Quote, "the voice of our country, if it could find utterance"-- interestingly said-- "is believed to be overwhelmingly in favor of the establishment of these institutions on our own soil. They are as much needed and will be as gratefully accepted in one direction of our country as another. More than 4/5 of our population are engaged in agricultural and mechanical employments.
Their vast number out of 30 millions of people now to be increased to 50 millions in less than 20 years will forever furnish an inexhaustible supply of pupils, who will not forsake their calling. Is it not of grave importance to give this vast force an intelligent direction?"
So a bit of the flavor of how these two so-called prophets described the world as it is. So what was their view of the way things should be? Well, we can see glimmers of that in already what I've quoted. And just very briefly, for Turner, the world as it should be was composed of really four main things.
First, there should be less ignorance in the industrial class, much less waste, loss, and cost in their various industrial pursuits. Second, members of the industrial class should be elevated, quote, "to a position in society to which all men acknowledge they are justfully entitled and to which they also desire to see them inspire."
Such a position was not outside or above, but firmly within their own natural class. They in their pursuits and posterity would be elevated, quote, "to that relative position in human society for which God designed them."
Not once in this pamphlet, actually, in Morrill's work either, did either one of them talk about economic mobility or social mobility out of a class. And I think this is really-- both of these men, being political minded people, they're tuning their remarks to not upset the people who were worried that all of these masses are going to clamor and want to be lawyers or doctors or something.
So third, in Turner's view, the members of the industrial class should achieve a true manhood. And he wrote this in all capital letters, "True Manhood, were the natural, proportionate, and healthful culture and growth of all the powers and facilities of the human being, physical, mental, moral, and social." Again, I take that as a significant thing in both Morrill and Turner. They were not arguing for a narrow, instrumental, technical education.
This is critically important. As you look at the history of the land-grant system, this is one of the places of contention. In the language in the mostly bad literature that there is on this, the language is of narrow gauge and broad gauge. And there's been continuously this clamoring to collapse education into only technical education. But what we hear in these true prophets is not a narrow technical education. It's not a call for that.

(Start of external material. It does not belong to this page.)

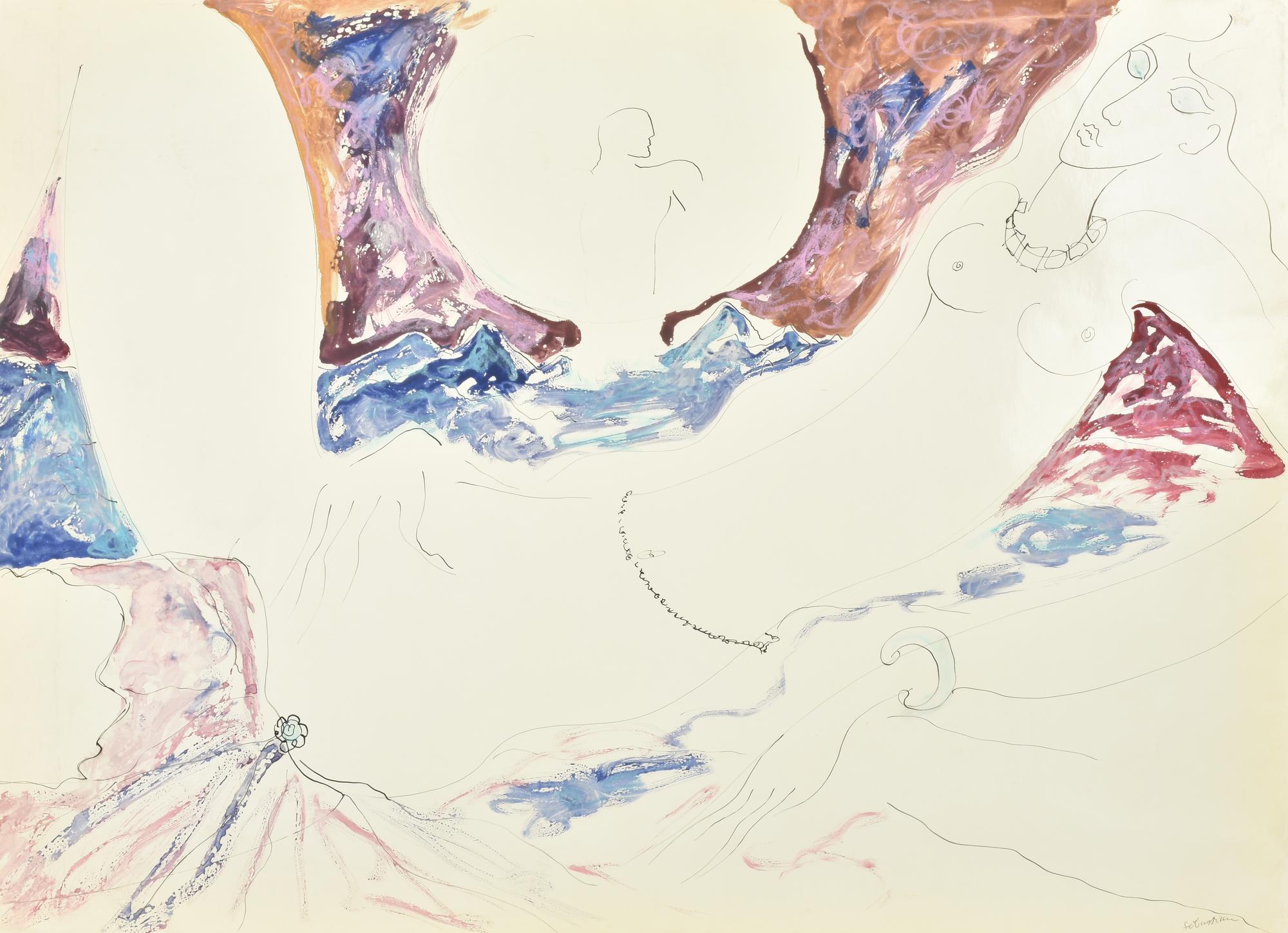 Sebastian LE VISITEUR tecnica mista su carta, cm 50x70 firma

Finally, Turner wrote, the whole life of every male member of society should be but one continuous, natural, and easy progress from one stage of mental and moral development and power to another. And then, Morrill claim that this wasn't just his view. Everybody else shared the view too, except these philosophical owls that he talked about.
So what did Morrill's vision of what should be look like? First, land should be improved, not exhausted by farming. We already heard that. And he says this, interestingly. Quote, "the soil we have acquired by the displacement of the red man," Morrill said, "must be improved and not exhausted." "The soil we have acquired by the displacement of the red man."
It has to be said, this whole land-grant-- and I just spent some time with Eric Cheyfitz. We are on the land of the Cayuga Nation. This whole story of the land-grant system has got this fundamental tragic dimension to it in thinking about where this land came from. And as we hear in this story, there's sort of this sidebar sort of reference to it in an interesting way. But it can't be forgotten.
So Morrill again. Quote, "the only thing we constantly dwell upon with complacency is that we surpass the stock from which we sprang and that we present our land better than we found it," which is a fundamental ethic in sustainable agriculture.
Secondly, agriculture should be made a science. He says what has been an art merely to supply physical wants must become a science. America should not only have schools to teach the art of man slaying and to make masters of deep throated engines of war, but also, quote, "schools to teach men the way to feed, clothe, and enlighten the great brotherhood of man."
People should be allowed to study agriculture as a profession and be attracted to it as a learned, liberal, and intellectual pursuit, should be more rewarding and noble, all these kinds of things. Government should aim not only to elevate and build up a nation that is great in its resources of wealth and power, but also, in Morrill's words, quote, "greatest of all in the aggregate of its intelligence and virtue."
The use of the word "virtue" is very linked to this whole republican political philosophy that was very much the philosophy of people at the time. Again, an argument against this flattened, narrow, technical view of these schools, and something that attends to moral and ethical and civic dimensions.
So efforts should be made to, quote, "satisfy and elevate the manhood of the mass of the people." Statesmen and legislators, quote, "should aid to elevate the class upon whom they lean for support and upon whom they depend for their audience."
Finally, the nation must succeed not only in giving all men an equal opportunity by their own labor to obtain a substantial support, but also, quote, "a higher and possibly more difficult task, which is to combine the largest freedom with the largest rewards of labor, free government and personal independence," something that he argued was key to securing, quote, "the immortality of our republic." So this interesting civic yearning and dimensions he's investing in this idea.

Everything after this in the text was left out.